Monsieur Réquine listened to the translation of this impassioned credo with the expression of judicial consideration which was evidently the habitual one upon his face. At the end he stroked his beard meditatively and looked into space for a time before answering. When he spoke, it was with a mildness and quiet which made him indeed seem much the older of the two, a certain patient good humor which would have been impossible to the other man. "Mr. Hale, you say that my conception of life looks like laziness to you. Do you know how yours looks to me? Like a circle of frenzied worshipers around a fiery Moloch, into whose maw they cast everything that makes life sweet and livable, leisure, love, affection, appreciation of things rare and fine. My friend, humanity as a whole will never be worth more than the lives of its individuals are worth, and it takes many, many things to make individual lives worth while. It takes a mixture, and it needs, among other elements, some quiet, some peace, some leisure, some occupation with things of pure beauty like my roses, some fellowship with great minds of the past...." His eyes took on a dreamy deepening glow. "Sometimes as I dig the earth among my fruit-trees, the old, old earth, a sentence from Epictetus, or from Montaigne comes into my head, all at once luminous as I never saw it before. I have a vision of things very wide, very free, very fine. Almost, for a moment, Mr. Hale, almost for a moment I feel that I understand life."

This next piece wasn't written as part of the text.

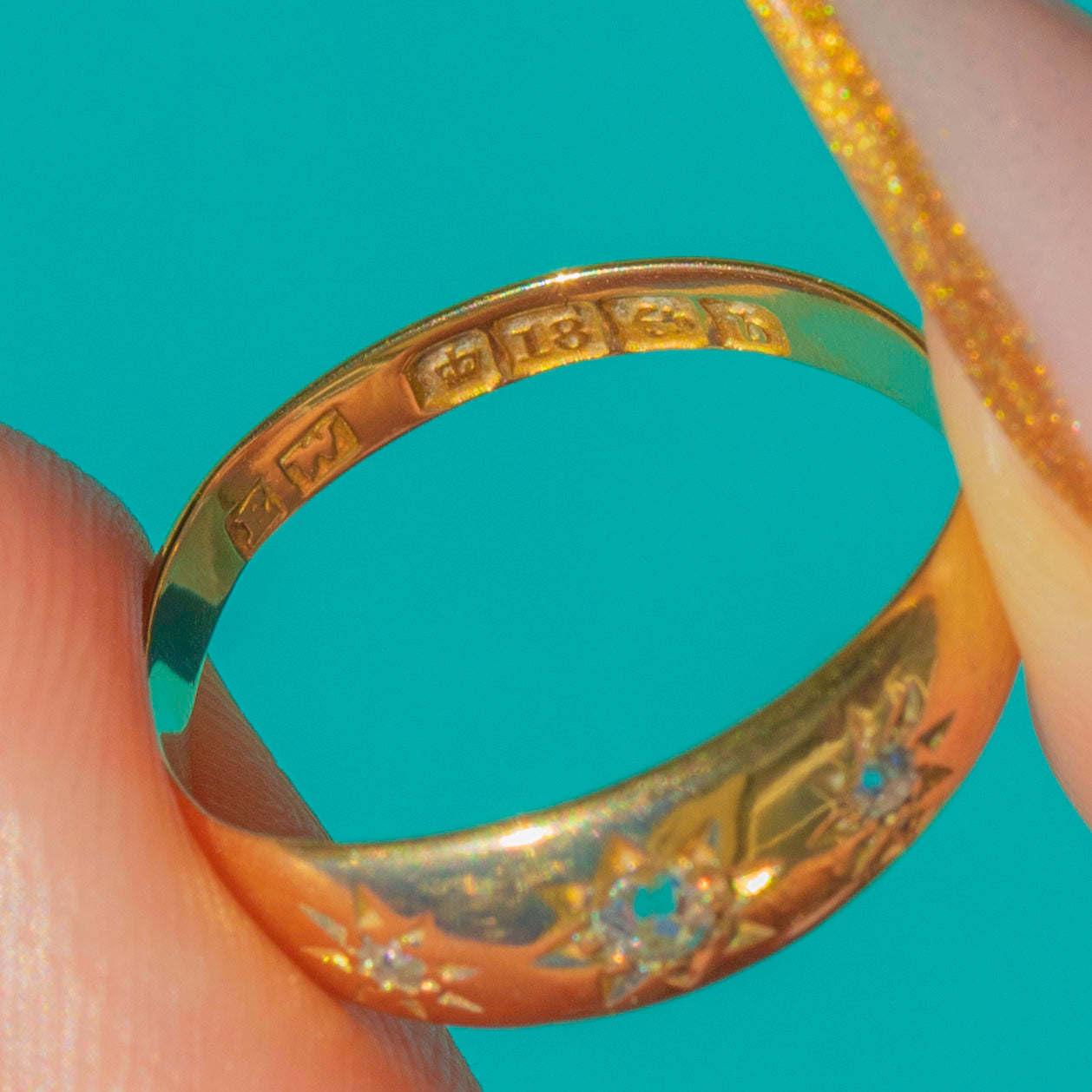 VERY GOOD: The Diamonds are bright and secure in their star settings, with light antique wear under magnification only. The 18ct Gold band retains a lovely shine; the back has thinned very slightly from long-term wear but remains sound, with no evidence of resizing. Overall, a well-cared-for antique ring, ready to enjoy.

The American stood up to go with a gesture of finality. He put his hat firmly on his head and said in pitying valedictory: "Monsieur Réquine, you're on the wrong track. Take it from me that nobody can understand life. The best thing to do with life is to live it!"

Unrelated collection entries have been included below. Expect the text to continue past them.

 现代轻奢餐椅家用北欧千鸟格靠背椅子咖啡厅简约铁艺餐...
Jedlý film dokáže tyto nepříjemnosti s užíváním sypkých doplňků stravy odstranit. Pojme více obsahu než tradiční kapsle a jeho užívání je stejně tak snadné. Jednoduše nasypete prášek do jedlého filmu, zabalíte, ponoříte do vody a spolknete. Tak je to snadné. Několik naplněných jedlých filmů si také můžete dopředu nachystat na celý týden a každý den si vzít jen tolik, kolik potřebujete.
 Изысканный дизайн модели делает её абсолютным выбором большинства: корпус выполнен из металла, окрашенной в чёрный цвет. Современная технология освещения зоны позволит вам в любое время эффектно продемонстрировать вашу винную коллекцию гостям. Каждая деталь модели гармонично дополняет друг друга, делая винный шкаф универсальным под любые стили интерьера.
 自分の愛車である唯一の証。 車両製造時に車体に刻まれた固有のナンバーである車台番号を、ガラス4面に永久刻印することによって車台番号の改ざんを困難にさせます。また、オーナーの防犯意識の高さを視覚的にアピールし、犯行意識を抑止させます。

The Frenchman, still seated, still philosophic, made a humorous gesture. "Ah, there are as many different opinions as there are men about what that means, to 'live life'!"

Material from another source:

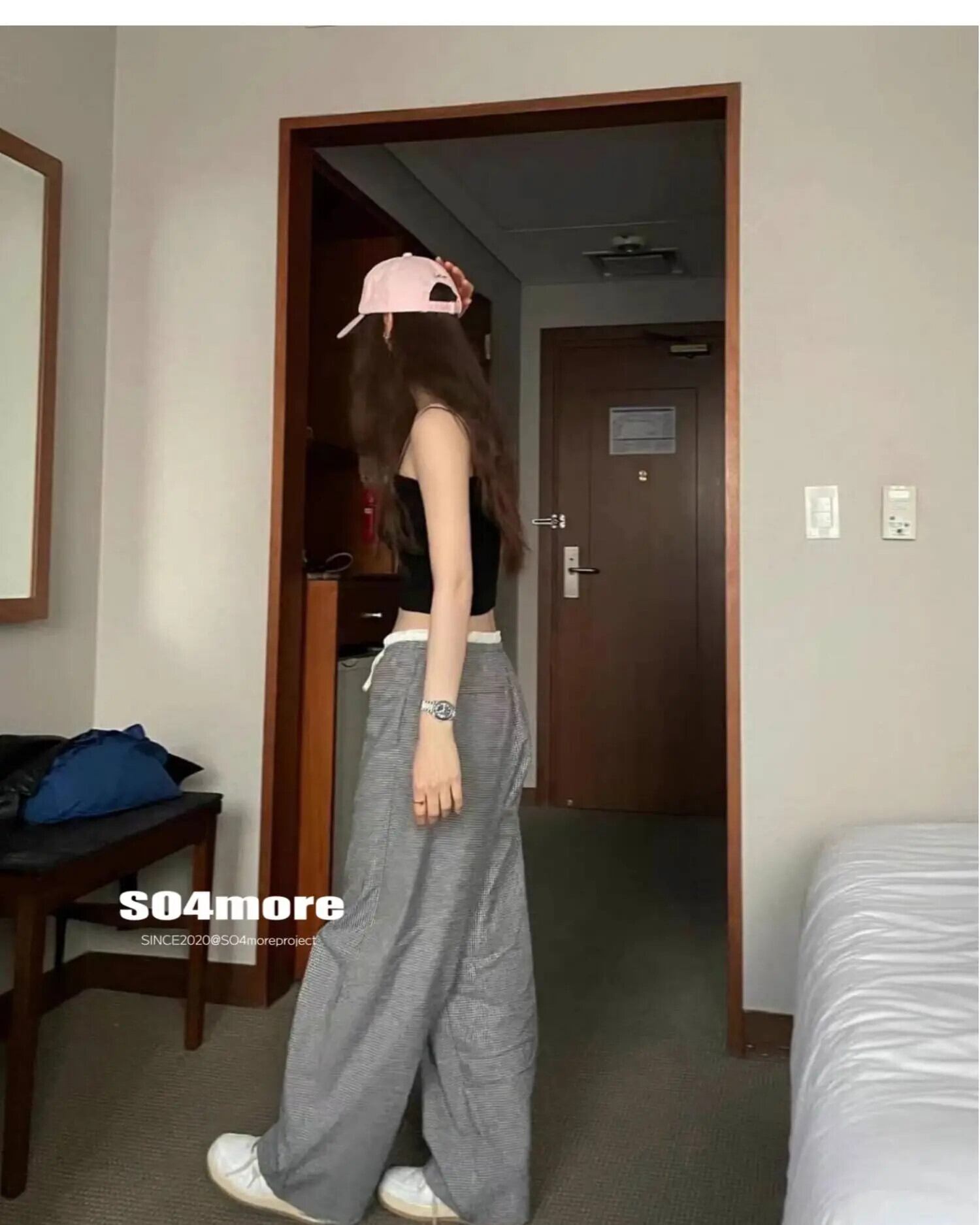 レトロ怠惰ストレート脚パンツストリートカーゴスウェットパンツ Pantalones デ Y2k チェック柄だぶだぶパンツ 2024

In the cab going back to Paris the American said little. Once he remarked almost to himself, "The thing I can't get over is that his damned cream is better than anything we make."
The French official emerged from a thoughtful silence of his own to comment: "Mr. Hale, the generosity of that remark is only equaled by its perspicacity! It makes me more than ever concerned for the future of French commerce."
That evening Monsieur Réquine was stooping over a dwarf-apple tree, string in one hand, pruning shears in the other. He was clipping away all except one of the vigorous young shoots. That one he then laid along a wire, strung about a foot from the ground and tied it fast at several points so that in growing it would follow the exact line traced by the horizontal wire. When he finished he gathered up all the clipped shoots, put them under his arm, and stood looking at the severely disciplined little tree, which did not look in the least like a tree any more. The sight apparently suggested an analogy to his mind, for he said in the tone of one who makes an admission: "It's true one does it for apple-trees and vines." After considering this for a moment, he shook his head with decision, "But not for human beings, no."
And yet his brow was far from clear as he betook himself to the stone bench at the end of the garden.
When his wife went out later to join him, she missed the glow of his pipe and inquired, a little troubled, "Why, René, you've forgotten to light your pipe! what's the matter?"